Dalam pertemuan dengan anggota DPRD tersebut, Aditya juga mengabarkan sebelum muncul larangan demo terkini, mahasiswa UIN ini juga pernah dilaporkan pihak kampus kepada pihak kepolisian dengan tudingan telah mengganggu petugas sah yang sedang bekerja.

"Di UIN, saat ini pemilihan ketua lembaga di tingkat mahasiswa, dipilih secara otoriter oleh rektor, tidak mengikuti aturan. Karena pelanggaran SK Dirjen Pendis (Pendidikan Islam) ini kami melakukan aksi lima hari berturut-turut. Makanya kami dilaporkan ke Polda Riau. Ada lkma, mahasiswa yang dilaporkan dan sudah dimintai keterangan," ujarnya.
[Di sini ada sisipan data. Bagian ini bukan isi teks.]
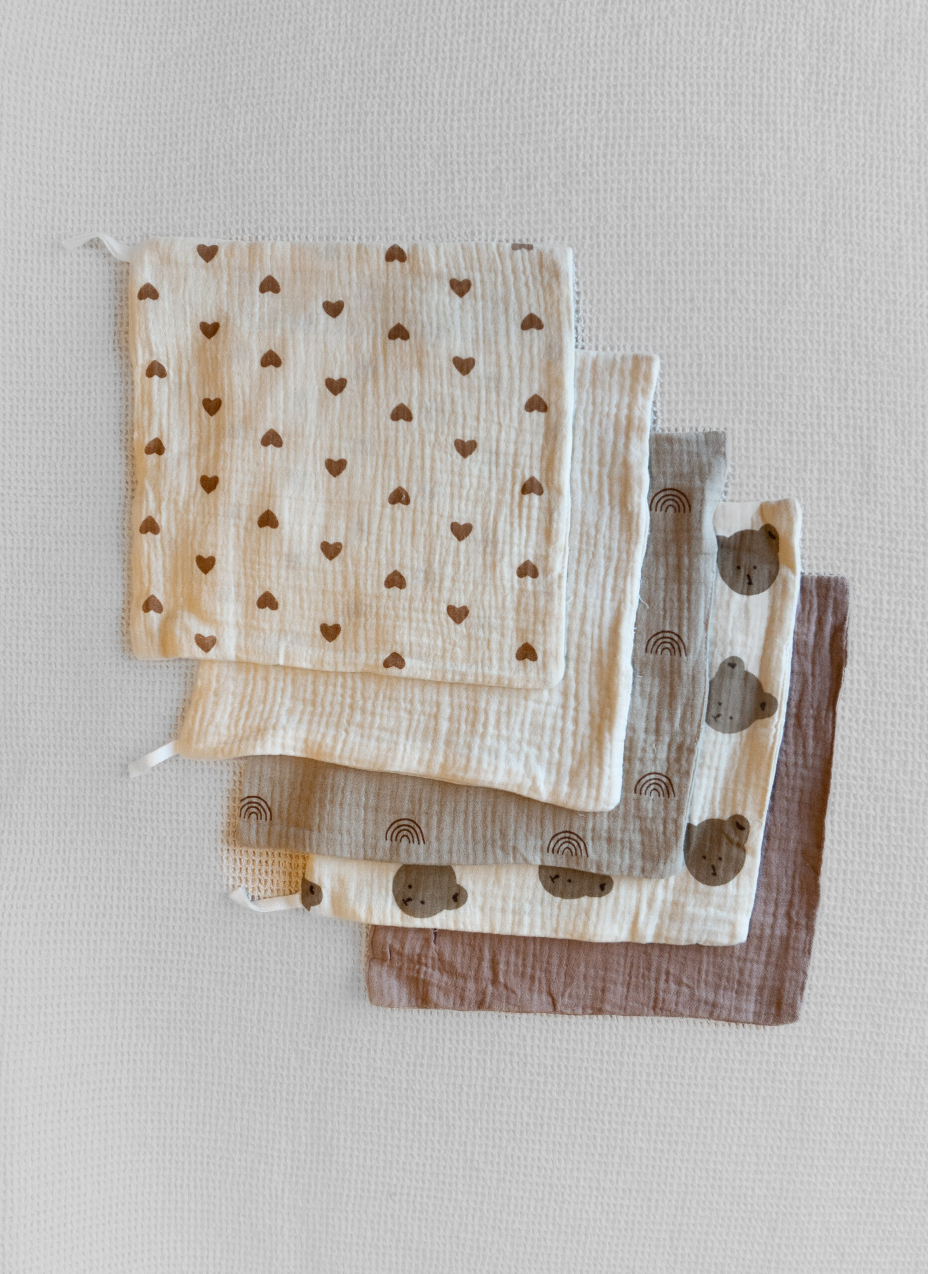 Nuestras gasitas de muselina están pensadas para acompañar cada momento de tu bebé: para limpiar, para apoyar en el hombro, para el cochecito o simplemente para tener siempre a mano. Están confeccionadas con muselina premium, un tejido suave, respirable y delicado con la piel sensible. Vienen en tonos neutros y estampas tiernas que se adaptan a cualquier estilo.
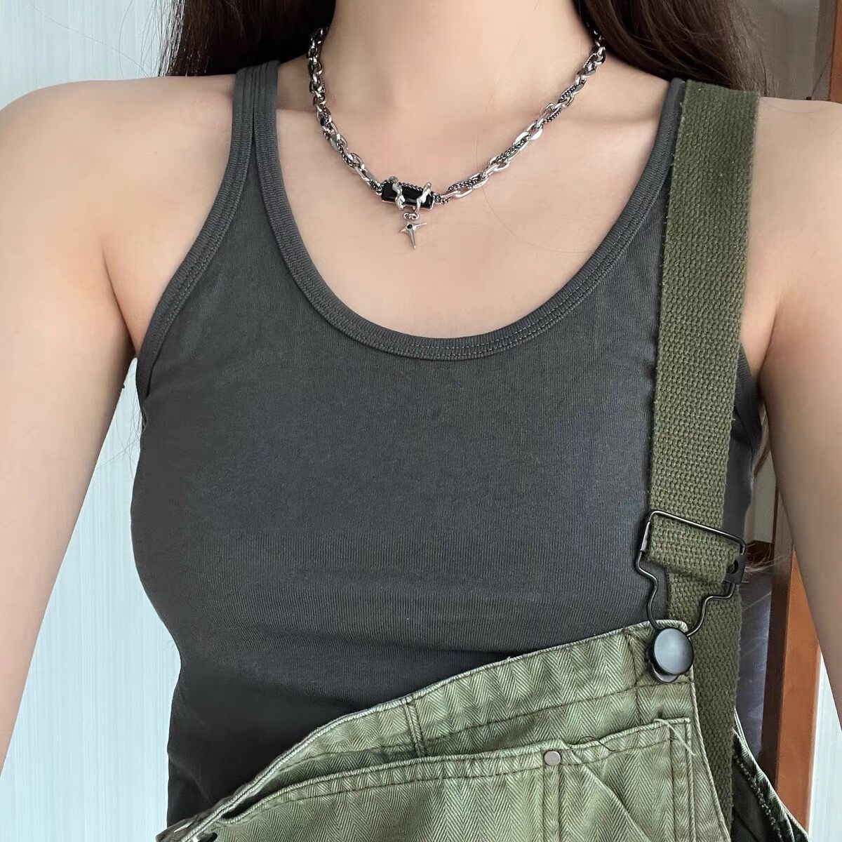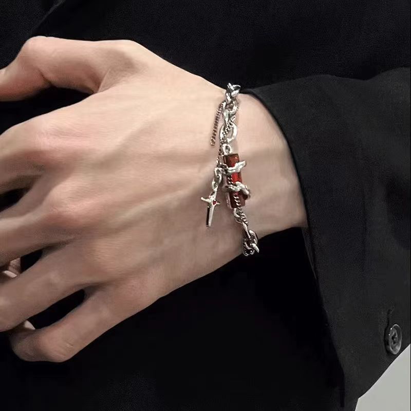 星体缠绕黑钻手链男钛钢设计新款百搭万圣节配饰女简约芒星手链潮

Belum ada tanggapan dari pihak rektorat UIN Suska mengenai larangan demonstrasi dan yang diadukan para mahasiswa itu ke DPRD Riau.

Sementara itu di Jakarta, AMAR Law Firm and Public Interest Law Office mencatat ada 37 perguruan tinggi yang mengancam akan memberi sanksi bagi mahasiswa yang ikut demonstrasi #ReformasiDikorupsi.

Advokat AMAR, Maraden Saddad, mengatakan jumlah itu diketahui dari 72 aduan yang masuk ke pihaknya bersama aktivis pembela hak pendidikan sejak 29 September 2019. Aduan masuk via surel, telepon, dan borang daring Google Form.

"Sebanyak 38 pengaduan terkait dengan pelanggaran 37 perguruan tinggi/kampus. Sementara 34 laporan terkait dengan pelanggaran dari 32 sekolah," kata Maraden dalam keterangan tertulis kepada CNNIndonesia.com, Senin (14/10).

Dalam keterangan itu, AMAR merinci 37 kampus yang diadukan, yaitu Universitas Pelita Harapan, STMIK Triguna Medan, Binus Alam Sutera, Binus Bekasi, Binus Kebon Jeruk, Universitas Negeri Jakarta, Universitas Bakrie, Universitas Gunadarma Depok, Universitas Gunadarma Jakpus, dan Universitas Gunadarma Bekasi.

Kemudian ada President University, Stikes Medistra, UIN Suska Riau, Universitas Tarumanegara, IISIP Jakarta, LSPR, Institus Kalbis, Institut Teknologi Indonesia, Universitas Wahid Hasyim, Universitas Telkom, Universitas Pamulang, UPI, Universitas Widya Mandira, Institut Teknologi Kalimantan, UMN, dan Universitas Dian Nuswantoro.

Lalu, ada Universitas Surabaya, UPN Jatim, Polban Bandung, Universitas Nusa Cendana, ITHB, ITS, UK Petra, Unika Soegijapranata, Universitas Kristen Krida Wacana, dan STAN.

Maraden menyebut secara umum ada lima sanksi yang diadukan bagi pelanggar larangan demo tersebut yaitu seperti intimidasi berupa ancaman drop out, dan sanksi akademis hingga yang paling maksimal drop out.

Sebelumnya, gelombang aksi mahasiswa terjadi di sejumlah wilayah di Indonesia, termasuk di depan kompleks parlemen, Jakarta sejak 23 September lalu. Gelombang aksi itu menyerukan seruan yang kurang lebih sama yakni penolakan pengesahan RKUHP dan sejumlah RUU kontroversial lain jadi undang-undang oleh DPR periode 2014-2019, dan pembatalan revisi UU KPK yang telah disahkan jadi undang-undang.